FTはサブプライム問題に端を発する信用収縮でローン債権の流通市場が崩壊していたが、再開の兆しがあると報じている。そこで一番注目されていることはローンを引き受けた銀行が今の適正価格に合わせて保有ローン資産を時価評価して評価損を計上しうるかどうかという点だ。FTはバブル崩壊後の日本の銀行を引き合いに出し、邦銀は評価損を出さなかったから日本経済にリカバリーは遅れたと述べている。
その当時不良債権の処理に関わったものとして多少の弁明をすると、銀行の心ある経営陣や幹部は決して不良債権をバランスシート上でキャリーすることを望んだ訳ではない。むしろ出来る範囲でバランスシートから切り離す努力をした。当時の税制などが不良債権の早期無税償却を認めなかったことが最大の問題だったのだ。負け犬の遠吠え的だがいうべきことは言っておきたいと思う。
さてFTの記事のポイントは次の通りだ。
- 2ヶ月間投資家が米国のサブプライムローンや大型のLBO債務を購入しない状態が続いたが、銀行は在庫処分に動き始めた。数十億ドルにのぼる償却を実施した後、ドイツ銀行、シティグループを含む銀行達はこれらの資産を新しい証券に仕立てるかあるいは投資ファンドに売却するなりして、資産をきりはなそうとしている。銀行は毀損した資産に資本を配布しているよりもバランスシートをきれいにしてフレッシュ・スタートを切ることを望んでいる。
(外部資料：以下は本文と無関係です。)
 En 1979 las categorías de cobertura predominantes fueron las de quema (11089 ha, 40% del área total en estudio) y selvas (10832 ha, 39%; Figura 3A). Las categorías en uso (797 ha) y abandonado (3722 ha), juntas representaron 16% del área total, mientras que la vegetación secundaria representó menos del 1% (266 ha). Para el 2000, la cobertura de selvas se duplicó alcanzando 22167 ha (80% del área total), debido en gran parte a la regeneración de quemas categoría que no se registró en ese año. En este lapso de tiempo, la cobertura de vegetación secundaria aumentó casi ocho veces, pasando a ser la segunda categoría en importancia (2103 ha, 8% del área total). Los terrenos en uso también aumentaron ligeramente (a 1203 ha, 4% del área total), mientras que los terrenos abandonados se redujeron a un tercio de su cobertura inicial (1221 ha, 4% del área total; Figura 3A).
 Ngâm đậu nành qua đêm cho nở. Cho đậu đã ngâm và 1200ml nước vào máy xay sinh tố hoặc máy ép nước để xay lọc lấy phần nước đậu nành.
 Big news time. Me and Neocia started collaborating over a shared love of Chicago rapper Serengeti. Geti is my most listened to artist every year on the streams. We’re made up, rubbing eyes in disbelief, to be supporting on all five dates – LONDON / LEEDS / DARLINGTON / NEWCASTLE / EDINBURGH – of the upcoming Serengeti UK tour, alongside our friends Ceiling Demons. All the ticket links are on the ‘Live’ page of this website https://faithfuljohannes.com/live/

- もっともこれらの動きは批判を呼んでいる。特に毀損したローン債権を購入するファンドに融資を行うことについては目をそばだたせている。つまり銀行は売却するローン債権の価格を人工的に高くするため、投資ファンドに賄賂を与えることを意味するのではないか?という訳だ。同様に疑問は銀行がCDOを組成するときにも起きている。銀行は彼らの報酬をカットし、入札者を誘引するためにディスカウントしているというものだ。
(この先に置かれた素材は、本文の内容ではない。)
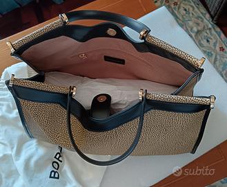 Borsa mai usata, in pelle con tinteggiatura colore beige si sfondo nero.
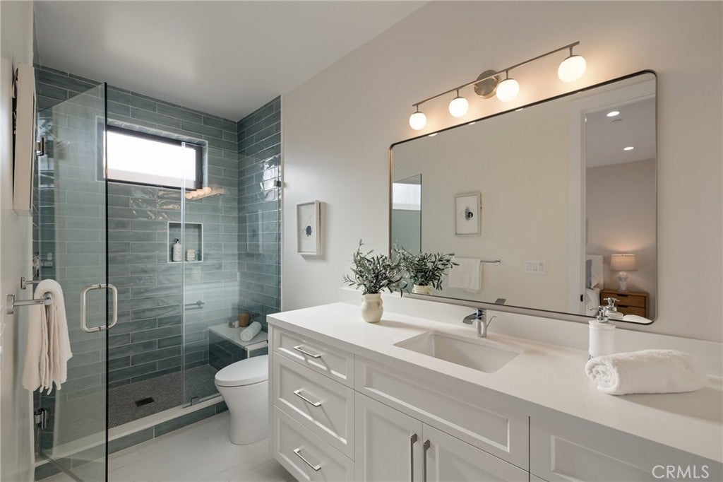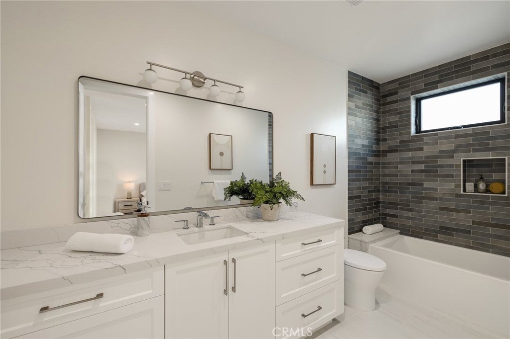 This newly constructed masterpiece in Manhattan Beach offers 6 bedrooms, 6.5 bathrooms, and a dedicated office across 4,666 square feet of luxurious living space on a 7,500-square-foot lot. Designed with an open floor plan, this home is perfect for modern living, featuring a chef’s kitchen with quartz countertops, a bar top, a spacious island that opens to the living room, and a high-end Thermador appliance package, including a wine fridge and ice maker. A walk-in pantry with a wine wall adds both style and functionality. The primary suite is a true retreat, boasting a soaking tub and a private balcony, while the large sliding glass door in the living room creates seamless indoor-outdoor living, leading to an expansive backyard with a turf putting green. Additional highlights include a dry bar, recessed lighting throughout, fireplaces in both the living room and outdoor patio, an individual laundry room, and a 3-car garage. Located just minutes from award-winning Mira Costa High School, this home is a rare blend of elegance, comfort, and convenience in the heart of Manhattan Beach.
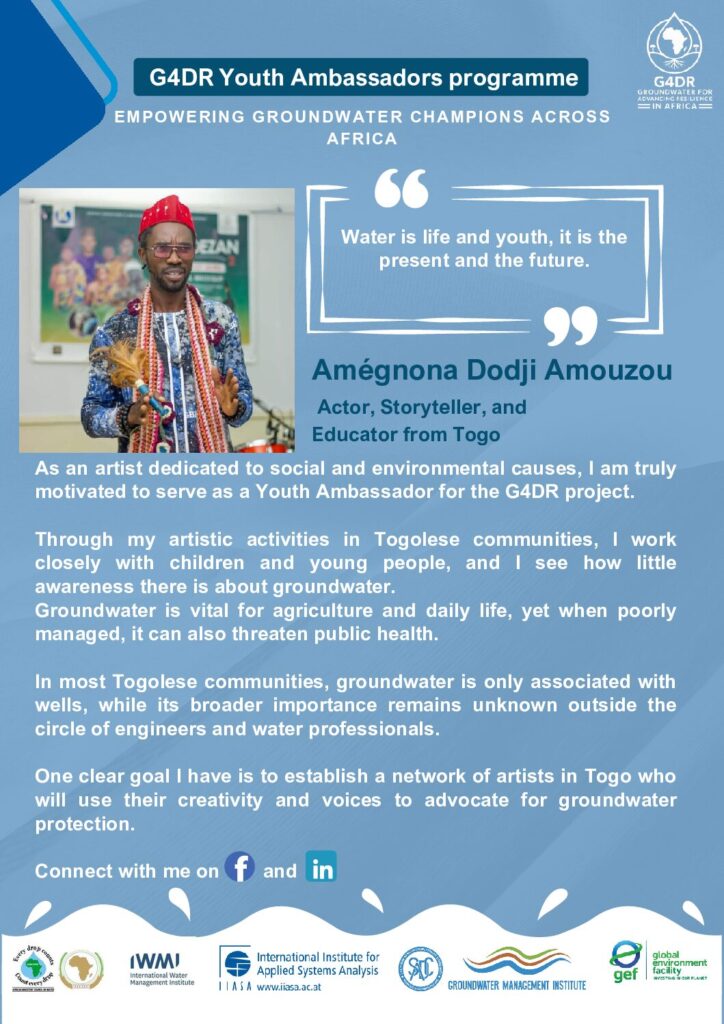 “Water is life and youth – it is the present and the future. As an artist, my goal is to build a network of creatives in Togo to use their voices and creativity to advocate for groundwater protection.”

- しかし今銀行が作り出しているストラクチャーが複雑だからという理由で銀行が信頼できないということにはならない。また銀行がローン債権を買う投資家に対して融資を行うにしても、額面割れで売却されること自体安心感を生むものである。それは銀行が問題案件を持ち続けることではなく、償却を行ったことを意味するからだ。これはこの夏の信用収縮が米国における発達した信用危機に拡大しないことを確実する上で極めて重要なことだ。
- 欧州と米国の銀行が数十億ドルにのぼる償却を行いながら、ローン債権を売却するという事実は歓迎するべきである。恐らく銀行が提案する総てのスキームが検閲に合格することはないだろうが、彼らは正しい方向を向いている。
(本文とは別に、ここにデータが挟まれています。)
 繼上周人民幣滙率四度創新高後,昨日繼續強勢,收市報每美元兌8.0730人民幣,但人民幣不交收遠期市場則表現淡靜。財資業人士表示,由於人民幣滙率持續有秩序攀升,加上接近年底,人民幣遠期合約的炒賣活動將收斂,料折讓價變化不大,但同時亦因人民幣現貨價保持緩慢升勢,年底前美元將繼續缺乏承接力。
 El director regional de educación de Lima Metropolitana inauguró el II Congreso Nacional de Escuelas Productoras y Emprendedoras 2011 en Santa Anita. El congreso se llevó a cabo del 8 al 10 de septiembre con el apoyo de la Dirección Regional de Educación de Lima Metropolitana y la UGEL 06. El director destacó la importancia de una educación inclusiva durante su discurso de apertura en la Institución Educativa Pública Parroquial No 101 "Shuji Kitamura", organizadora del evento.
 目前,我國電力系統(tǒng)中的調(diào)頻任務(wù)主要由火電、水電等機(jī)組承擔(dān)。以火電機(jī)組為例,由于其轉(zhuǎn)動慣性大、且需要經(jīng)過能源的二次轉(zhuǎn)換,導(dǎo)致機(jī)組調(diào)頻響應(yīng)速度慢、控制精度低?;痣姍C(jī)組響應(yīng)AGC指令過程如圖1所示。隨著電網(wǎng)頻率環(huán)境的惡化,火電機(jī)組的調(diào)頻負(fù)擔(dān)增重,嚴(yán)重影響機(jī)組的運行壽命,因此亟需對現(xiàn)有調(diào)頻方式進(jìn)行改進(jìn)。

サブプライム問題に起因する信用収縮やローン債権流通市場の崩壊が欧米で起きたことは世界の金融界にとって幸いであった。欧米に金融機関はここ数年大きな利益を上げてきたので毀損した資産の簿価を一気に切り下げるため大きな損失を計上することが可能である。
市場型資本主義のポイントは時価評価の適正さにある。大手金融機関が適正な時価会計処理を行い、償却後の資産を流通市場に流すようになれば、私は雨降って地固まるであると考えている。人類は少しずつだが賢くなっていると信じたいものだ。